Analysis of Breast Cancer Data - 1

Analyzing breast cancer data using Principal Component Analysis and Scatterplot Matrix

The dataset contains numerical data regarding breast cancer. It contains 31 attributes, which describe the various properties of the tumour. The label of this dataset is ‘diagnosis’, which has two labels. The tumour is either malignant or benign. Malignant indicates that it is cancerous and benign meaning that it is non-cancerous.

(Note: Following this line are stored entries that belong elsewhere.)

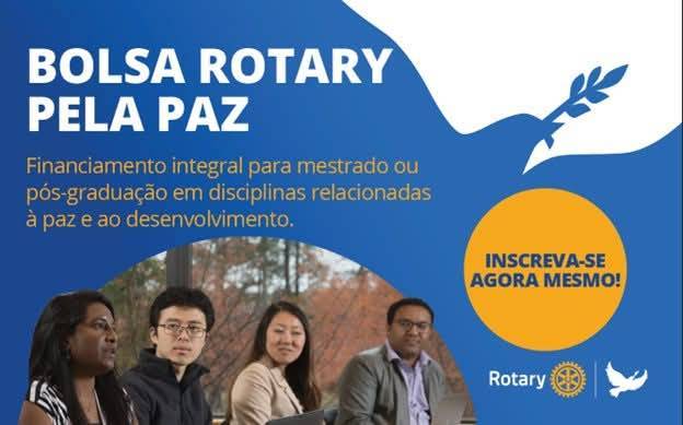 Na esquerda em letras grandes brancas: Bolsa Rotary pela Paz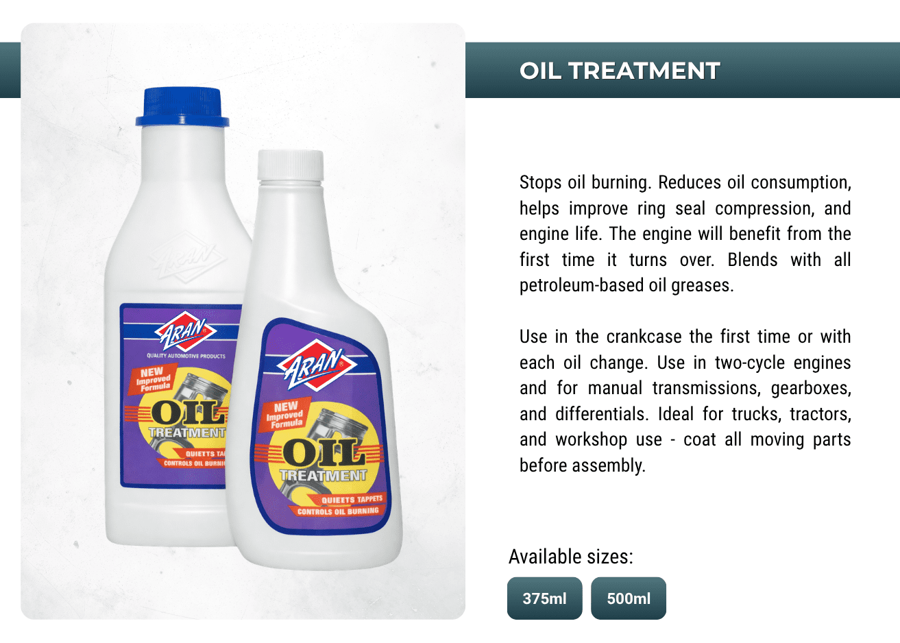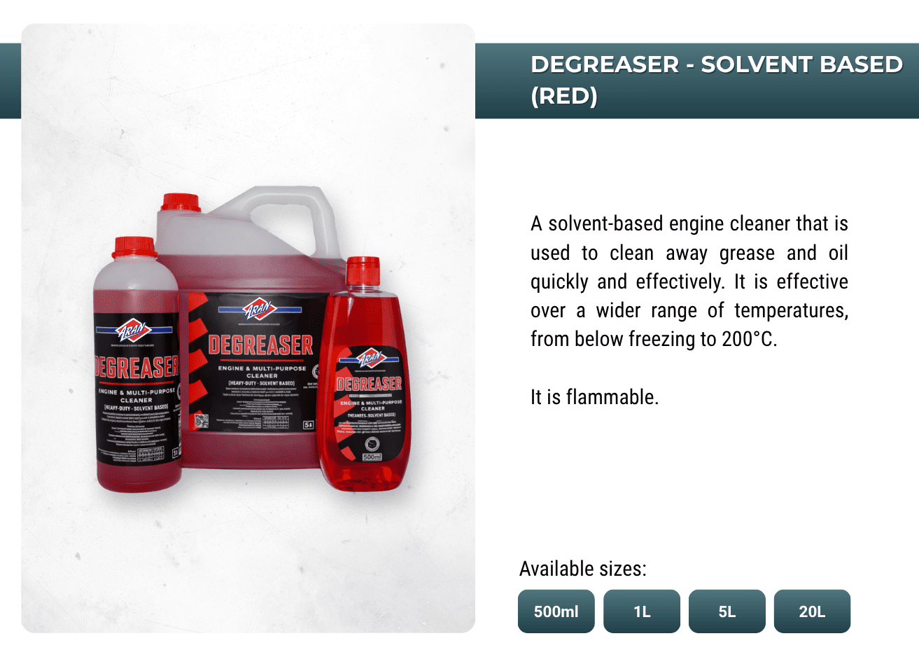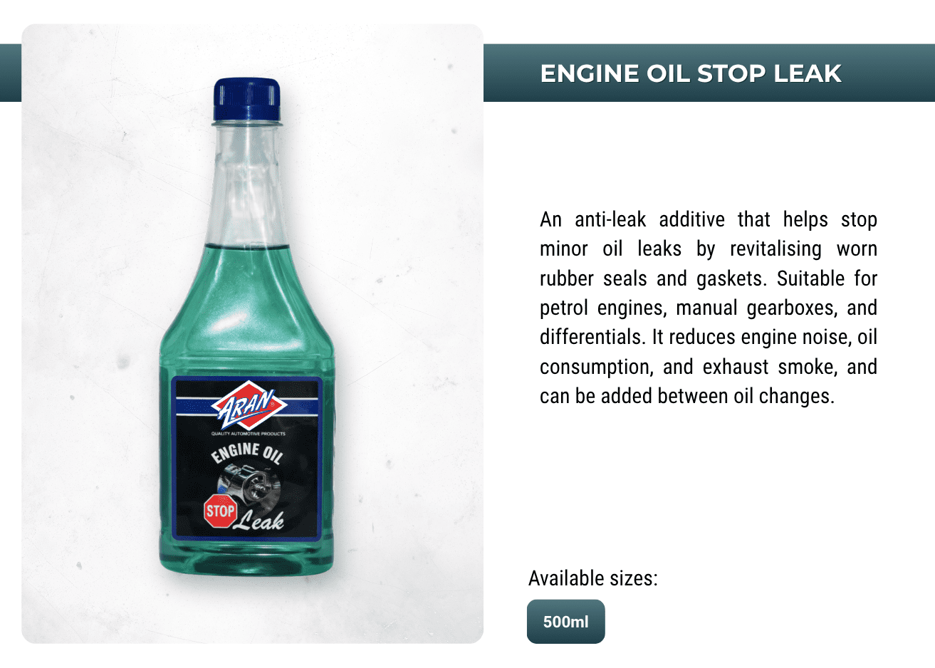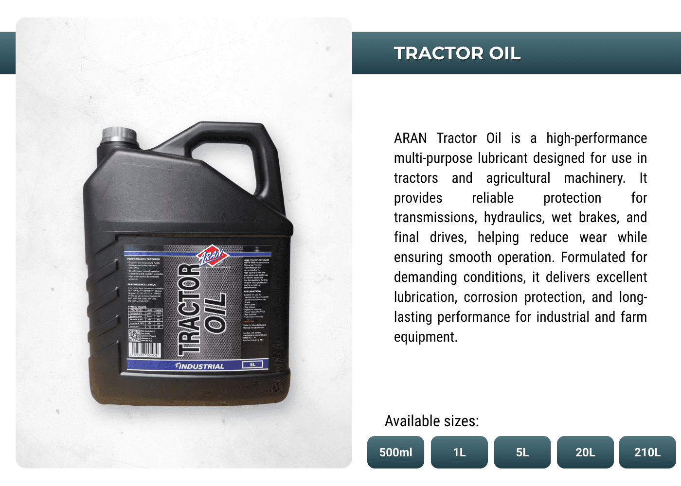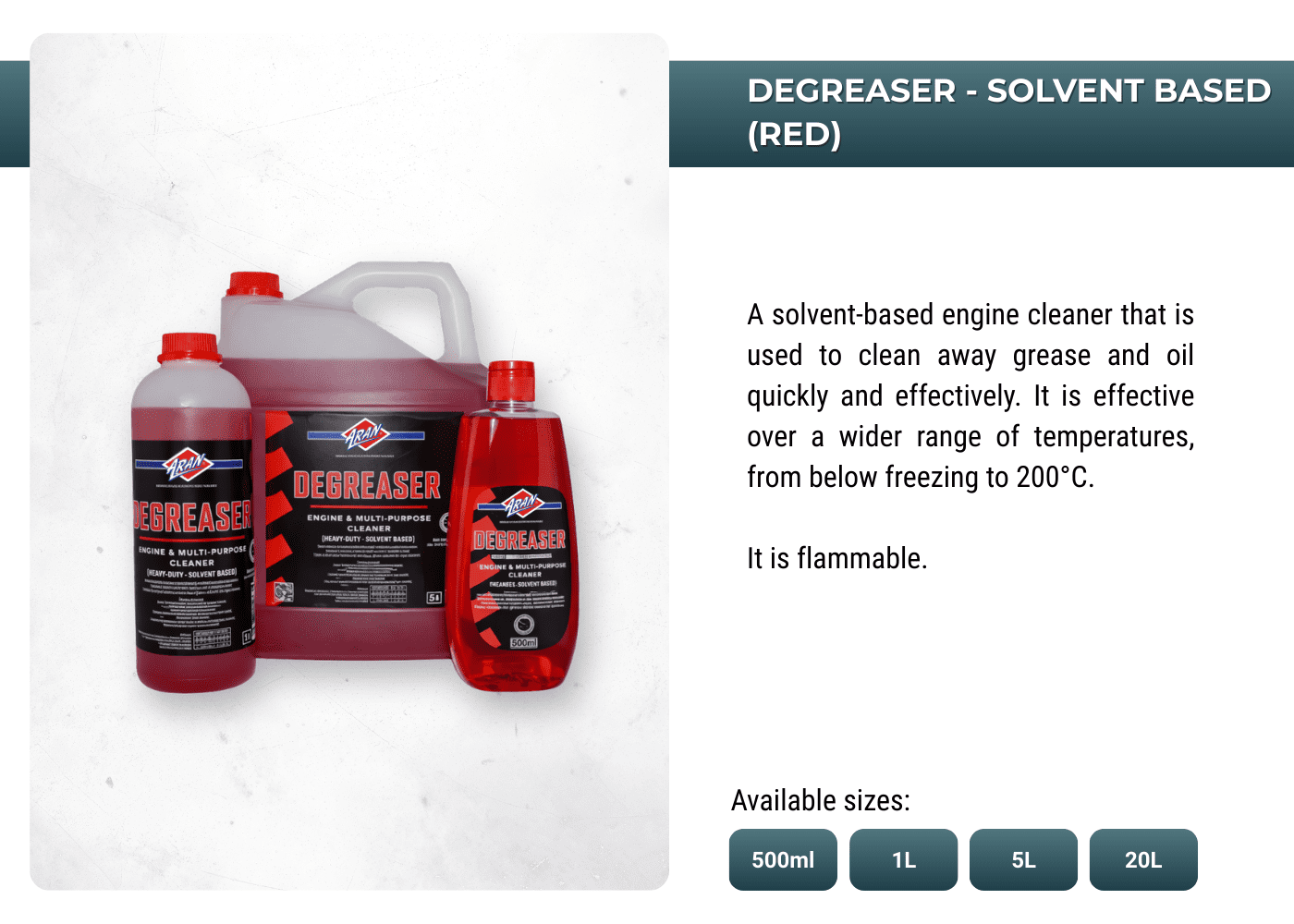 Powering performances with ARAN's extensive range of automotive and industrial additives, lubricants, sprays, anti-freeze, oils, greases, de-greases and more.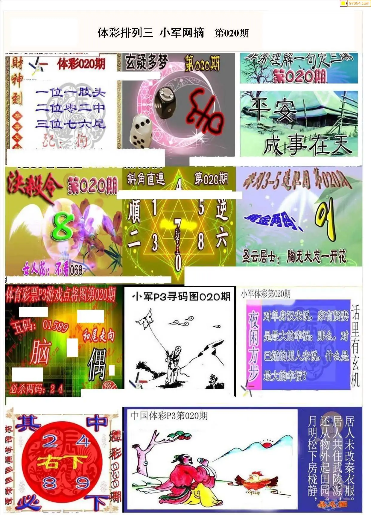 020期清清漫玄系列体彩p3图谜_排列三彩报图谜总汇分享

There are 31 attributes which describe the tumour, including ‘radius_mean’, ‘texture_mean’, ‘area_mean’, etc.

I have performed Principal Component Analysis on this dataset and visualised the results using the following visualization techniques:

  1. Scree Plot
  2. Biplot
  3. Scatterplot

  • The scree plot shows the principal component on the X-axis and the corresponding "explained variance ratio (%) on the Y-axis. An interactivity element has been added on the scree plot. If a red dot is clicked (intrinsic dimensionality index(di) ), a table is generated showcasing the explained variance ratios of all principal components till the selected value. We also see the top 4 attributes of each principal component.



  • This is the biplot. The top 10 attributes are represented as lines on the PCA scatterplot. The dots on the scatterplot represent data points. The closer two axes are to each other, the more correlated they are. We get a good understanding of the correlation of attributes from the Biplot.



  • On selecting the intrinsic dimensionality index(di) in each , we get the top 4 attributes for that principal component. The four attributes are taken and a dynamic scatterplot is plotted. The four attributes are on the diagonal. The two labels are “Malignant” and “Benign”. It is color coded accordingly.